This kind of exponential decay toward "equilibrium" can be derived when one looks at a Markov process. In this case, if we call $S_t$ the state of the system at time $t$ and $S_{t+1}$ the state at time $t+1$, one has for the evolution:

$S_{t+1} = T S_t $

where $T$ is called the transition matrix. This implies that $S_t = T^t S_0$. The idea is then to introduce the set of eigenstates $E_i$ such that $T E_i = \lambda_i E_i$. The set of $\{E_i\}_{i=1...}$ is a mathematical set of vectors and they need not always corresponds to a probability state.
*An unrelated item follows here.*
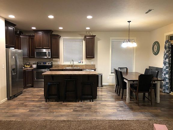 5 year old home with beautiful landscaping, huge great room/kitchen, back patio, fruit trees, and garden boxes. No electricity bill due to solar panels. Stainless steel appliances. No smoking. No pets. Renter pays gas, water, and trash. Renter responsible for mowing. 1 year lease

In fact, since the solution is unique for any given $S_0$ it implies that there can only be one probability state such that $T E_p = E_p$ i.e. such that $\lambda_p = 1$. Now, starting from any state $S_0 = \sum_i S_i^0 E_i$, one has then $S_t = \sum_i S_i^0 \lambda_i^t E_i = S_{eq} + \sum_{i \neq p} S_i^0 \lambda_i^t E_i$. $T$ is a positive definite matrix and in spectral theory, one can show that $\lambda_p = 1$ is the heighest eigenvalue, it therefore means all other eigenvalues are smaller than $1$. Let us call $\lambda_2$ the second highest eigenvalue of $T$, we then have:

$S_t-S_{eq} \approx S_2^0 \lambda_2^t \approx S_2^0 e^{t \ln \lambda_2} \sim e^{-t/\tau_2}$

where $\tau_2 = -1/\ln \lambda_2$. $\hspace{0cm}$

At the end of the day the idea is that the initial state can be projected on eigenstates among which only one is physical and happens to have the highest eignevalue of value 1, this one corresponds to the equilibrium state.

The major assumption here is that the dynamics is markovian.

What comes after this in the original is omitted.